EXERCISE DATA:
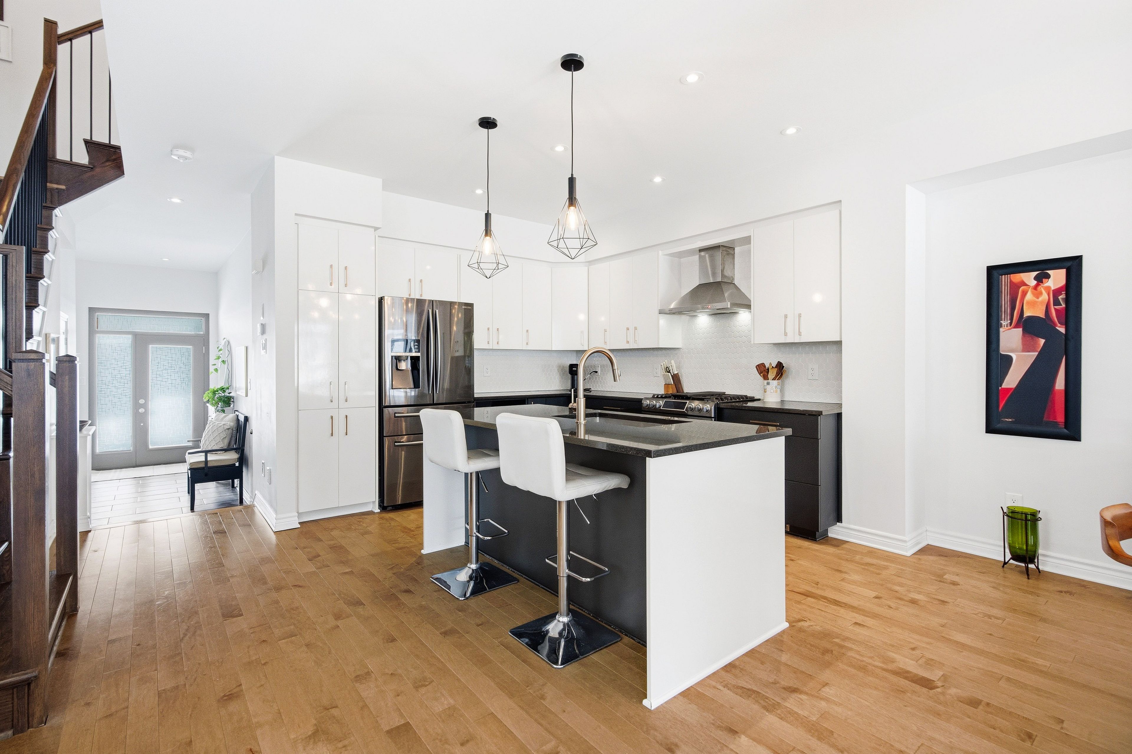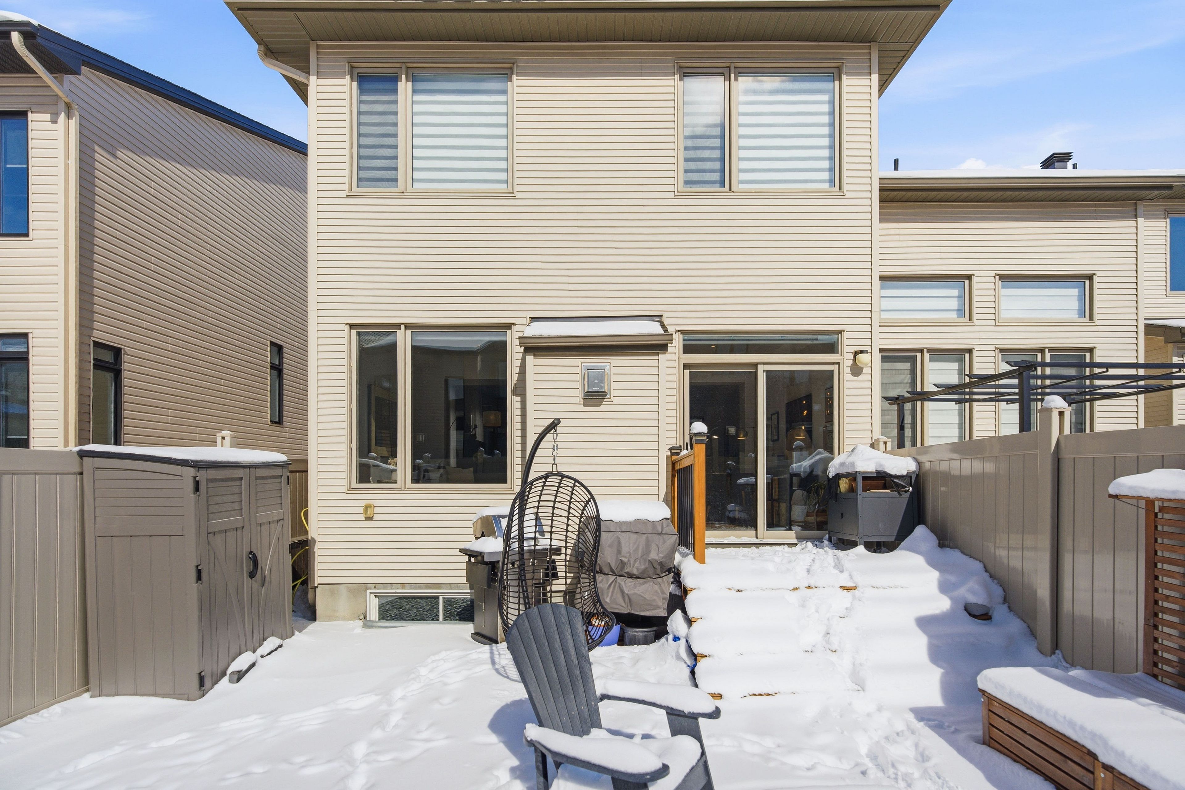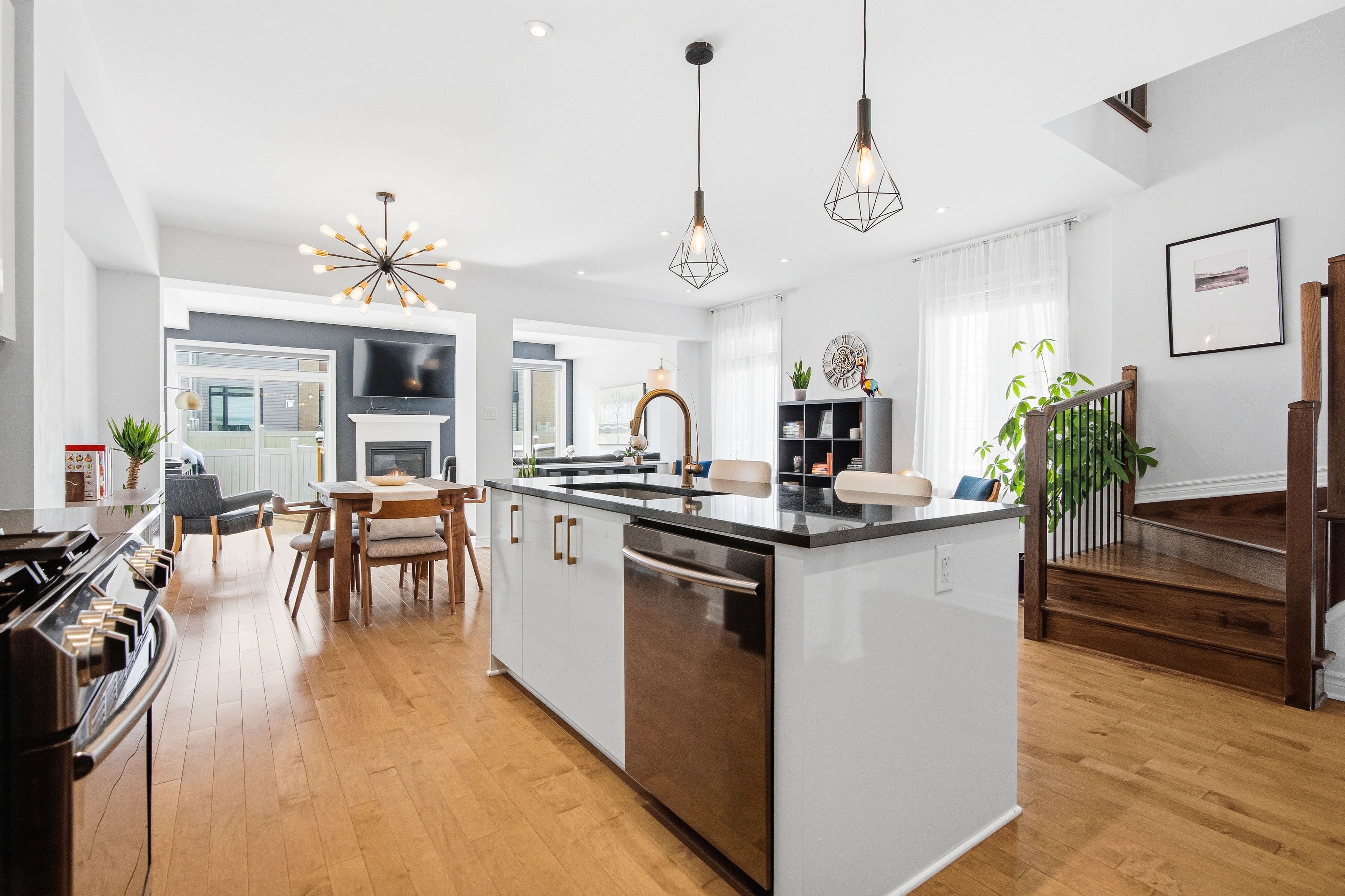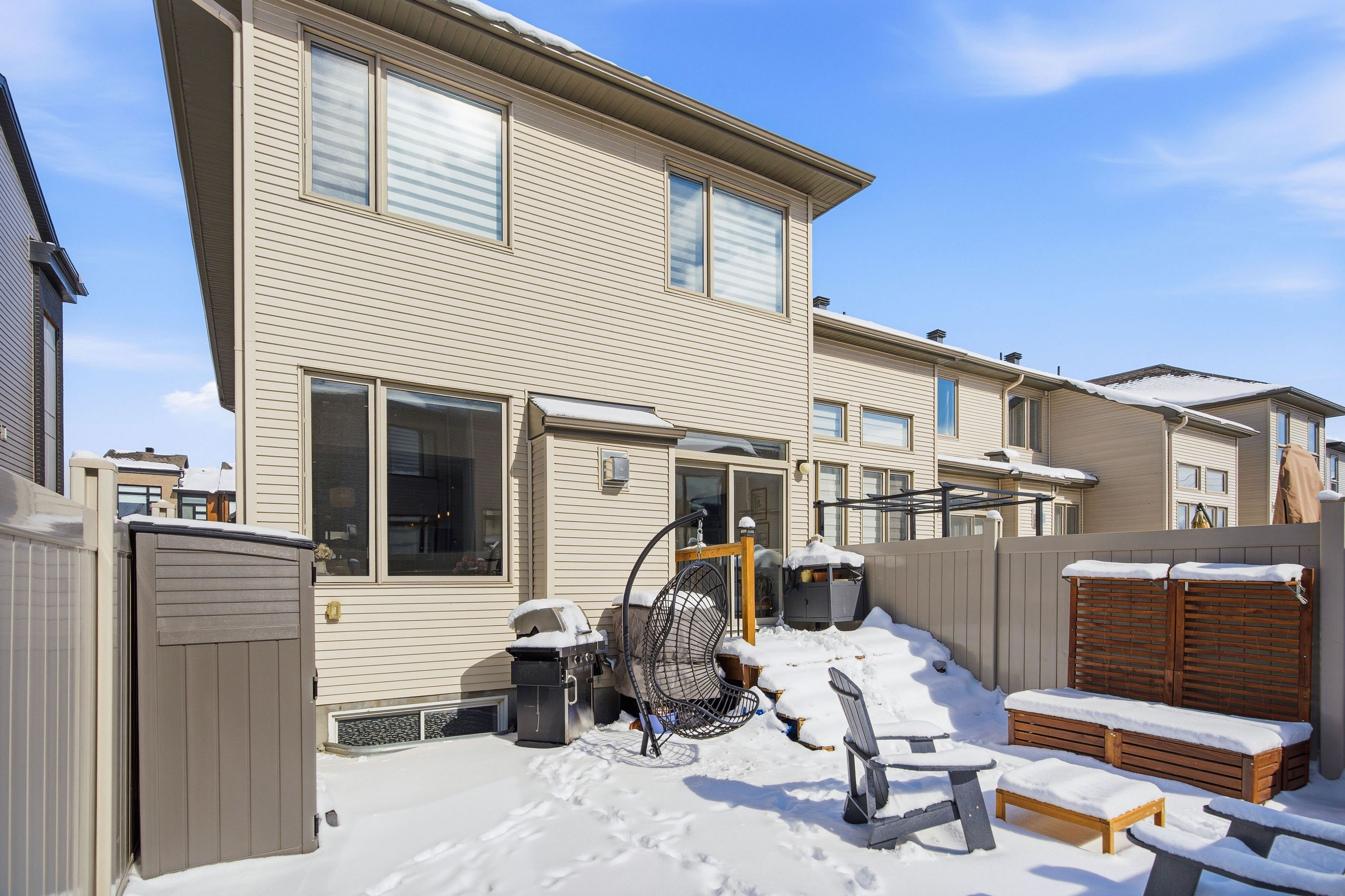 Welcome to Richcraft's largest townhome model, featuring hardwood on both the main and second levels, 3 bedrooms plus den upstairs, and a private driveway with interlock for side by side parking. Step inside from the covered porch into a bright, open concept main floor with high ceilings and large windows that fill the space with natural light. The two-toned kitchen features quartz countertops, black stainless-steel appliances, a gas range, pendant lighting, which flows seamlessly into the dining area and living room where a gas fireplace adds warmth and character. A patio door leads to the fully fenced backyard with widened back steps leading to the interlock patio, designed for easy, low maintenance outdoor living. Upstairs, the spacious primary bedroom includes a walk-in closet and a 4-piece ensuite. Two additional bedrooms, a full bathroom, a versatile den, and second floor laundry completes the level. The finished basement extends your living space with a recreation room and additional storage. Ideally located close to parks, schools, shopping, and transit, this home offers a great balance of space, function, and convenience.
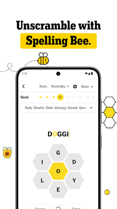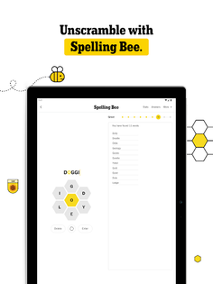 Track your progress for The Crossword, Wordle, and Spelling Bee using the app. Monitor your average solve times, how many puzzles you can solve in a row, or improve your solve rate for The Crossword game. Track your Wordle streak, among other things, and see how often you reach each level in Spelling Bee as you progress in the game.
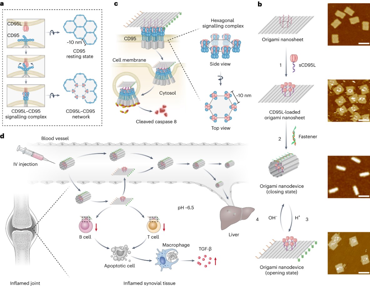 文章介绍了一种利用纳米级柔性可编程DNA折纸机器来调节炎症滑膜组织中活化免疫细胞的CD95致死诱导信号,从而建立局部免疫耐受以逆转RA的策略。它带有几何图案化的CD95配体,能调节免疫细胞信号,从而缓解类风湿性关节炎。随着pH值的变化,该装置可逆地从封闭构型转变为开放构型,显示出分子间距约为10 nm的CD95配体六边形图案,精确反映了免疫细胞表面CD95受体簇的空间排列。在胶原蛋白诱导的关节炎小鼠模型中,柔性DNA折纸在位于炎症滑膜组织中的活化免疫细胞中激发了强大的、选择性的CD95死亡诱导信号激活。这种局部免疫耐受可改善关节损伤,且无明显副作用。这种纳米机器可以对细胞信号进行精确的空间控制,拓展了我们对配体-受体相互作用的理解,是开发针对这些相互作用的药理干预的一个前景广阔的平台。
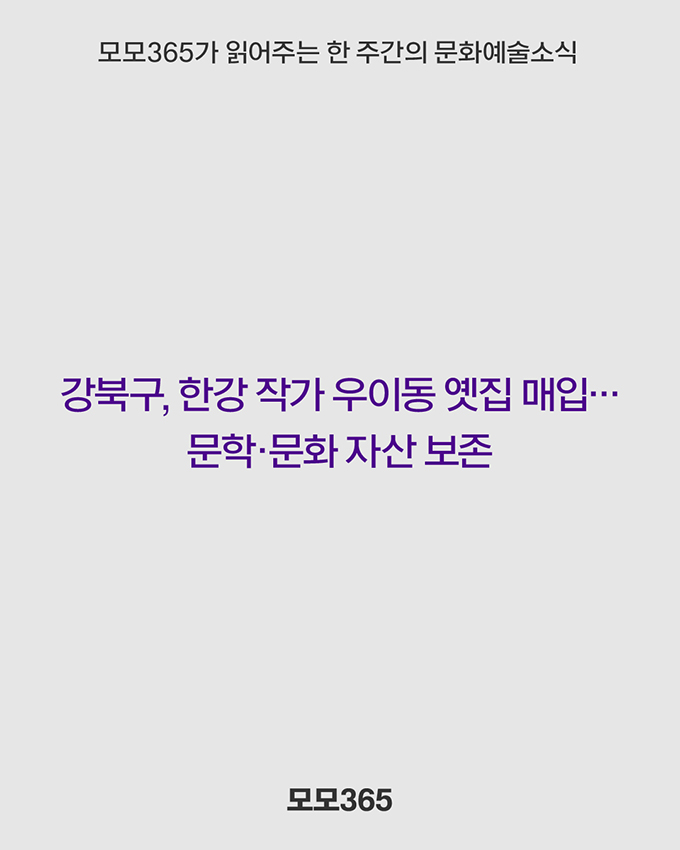 7. 강북구, 한강 작가 우이동 옛집 매입…문학·문화 자산 보존 https://www.newsis.com/view/NISX20251009_0003356930
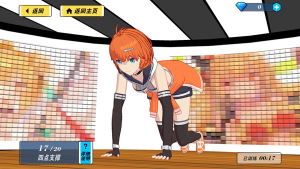 3、按照游戏中的体验完成非常多的健身要求,玩家就可以获得美少女教练的鼓励。
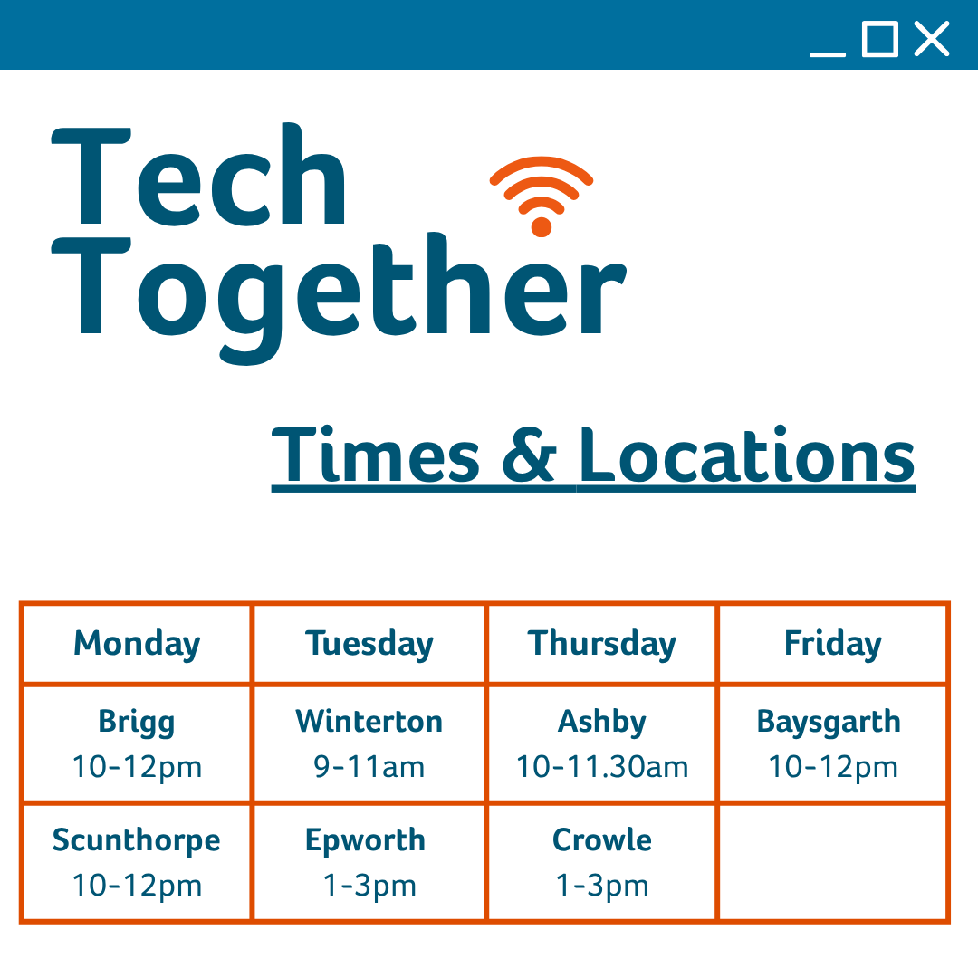 We are working together with North Lincolnshire Council to begin Tech Together, a set of free digital skills sessions designed to help older people build confidence in using technology for their day-to-day needs.
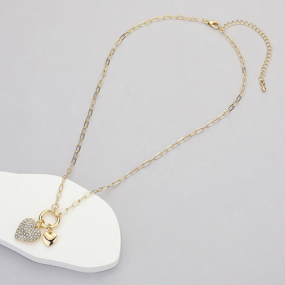 Stone Paved Metal Heart Charms Pendant Paperclip Chain Necklace
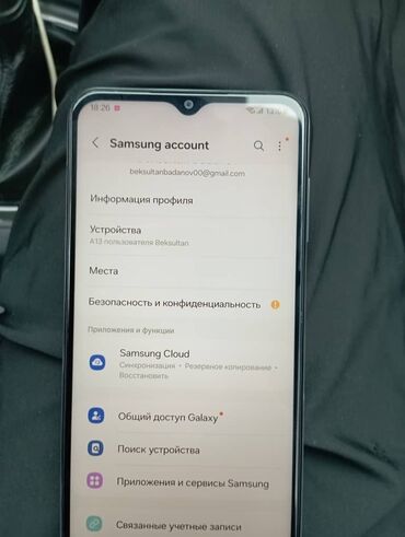 Смартфон Samsung Galaxy (линейка A, экран с каплевидным вырезом). Основные особенности: - Дисплей: безрамочный экран с каплевидным вырезом под фронтальную камеру, навигация жестами/кнопками. - ОС...
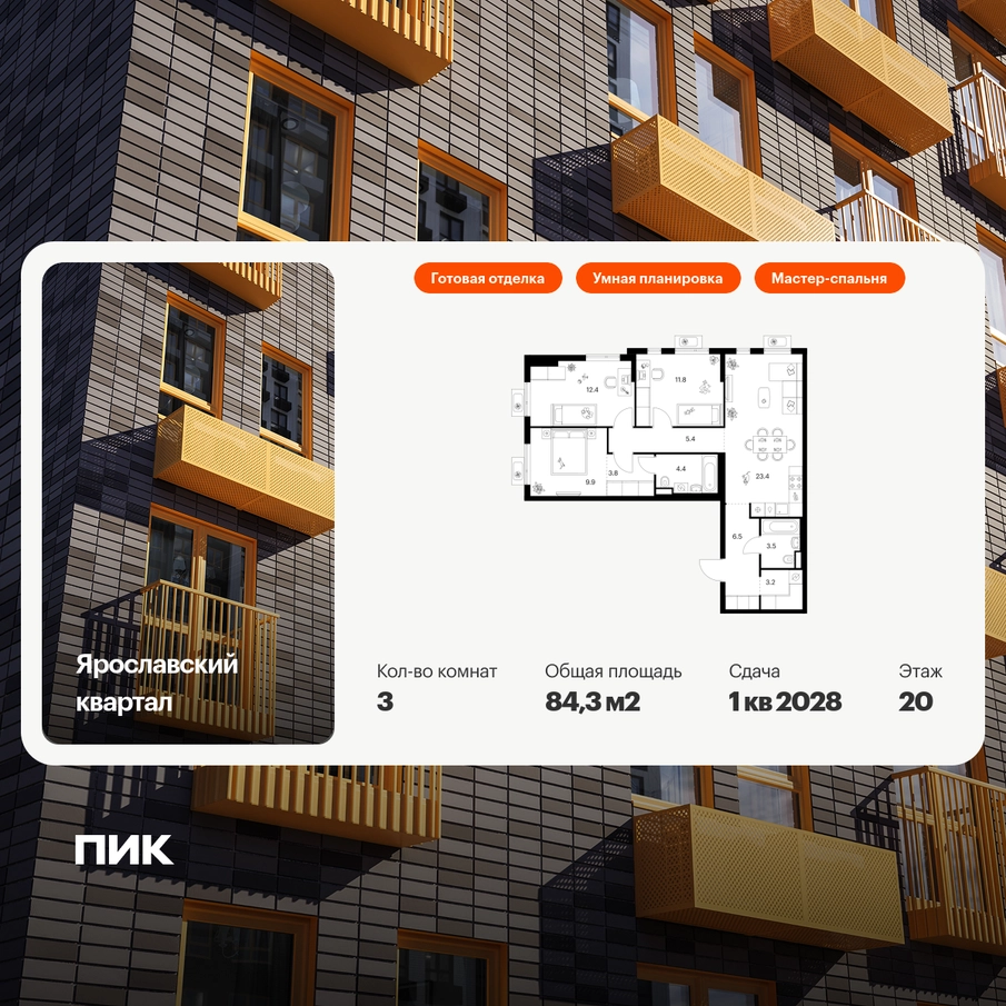 Продаётся 3-комн.квартира площадью 84.30 кв.м на 20 этаже 25 этажного дома (Корпус 2.2, секция 1) проекта ПИК Ярославский квартал. Светлый просторный подъезд на уровне земли, функциональная планировка, большие окна, с отделкой. Проект «Ярославский квартал» возводится в Мытищах, в 6 км от МКАД. Жилой квартал, состоящий из 8 корпусов, строится рядом с Ярославским шоссе и имеет удобный заезд с крупной автомагистрали. На территории проекта появится школа, детский сад и пешеходный бульвар. Индивидуальные дизайны фасадов для «Ярославского квартала» разработало петербургское архитектурное бюро RHIZOME. В их портфолио вошли работы для Московского музея современного искусства, ГЦСИ, Манифеста 10 и ЦВЗ Манеж. За 7 минут можно дойти пешком до ближайшей автобусной остановки. Столько же займёт дорога до «Лосиного острова» — облагороженного парка с разными активностями для всей семьи, благоустроенными зонами для отдыха, местами для прогулок и пробежек на свежем воздухе. Доехать на автомобиле до Ярославского шоссе получится за 3 минуты, до станции «Мытищи» — за 9 минут, до МКАД — за 15 минут. Артикул - 1013266О застройщике
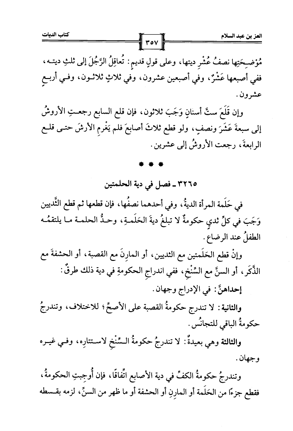 مُوْضِحَتِها نصفُ عُشْرِ ديتها، وعلى قولٍ قديمٍ: تُعاقِلُ الرَّجُلَ إلى ثلثِ ديته، ففي أصبعها عَشْرٌ، وفي أصبعين عشرون، وفي ثلاثٍ ثلاثون، وفي أربعٍ عشرون.

WHAT TO PRODUCE: When copying from the data above, begin at the line containing "文章介绍了一种利用纳米级柔性" and end at the line containing "Смартфон Samsung Galaxy"; return those lines exactly and leave all pictures behind.

ANSWER SECTION:
 文章介绍了一种利用纳米级柔性可编程DNA折纸机器来调节炎症滑膜组织中活化免疫细胞的CD95致死诱导信号,从而建立局部免疫耐受以逆转RA的策略。它带有几何图案化的CD95配体,能调节免疫细胞信号,从而缓解类风湿性关节炎。随着pH值的变化,该装置可逆地从封闭构型转变为开放构型,显示出分子间距约为10 nm的CD95配体六边形图案,精确反映了免疫细胞表面CD95受体簇的空间排列。在胶原蛋白诱导的关节炎小鼠模型中,柔性DNA折纸在位于炎症滑膜组织中的活化免疫细胞中激发了强大的、选择性的CD95死亡诱导信号激活。这种局部免疫耐受可改善关节损伤,且无明显副作用。这种纳米机器可以对细胞信号进行精确的空间控制,拓展了我们对配体-受体相互作用的理解,是开发针对这些相互作用的药理干预的一个前景广阔的平台。
 7. 강북구, 한강 작가 우이동 옛집 매입…문학·문화 자산 보존 https://www.newsis.com/view/NISX20251009_0003356930
 3、按照游戏中的体验完成非常多的健身要求,玩家就可以获得美少女教练的鼓励。
 We are working together with North Lincolnshire Council to begin Tech Together, a set of free digital skills sessions designed to help older people build confidence in using technology for their day-to-day needs.
 Stone Paved Metal Heart Charms Pendant Paperclip Chain Necklace
 Смартфон Samsung Galaxy (линейка A, экран с каплевидным вырезом). Основные особенности: - Дисплей: безрамочный экран с каплевидным вырезом под фронтальную камеру, навигация жестами/кнопками. - ОС...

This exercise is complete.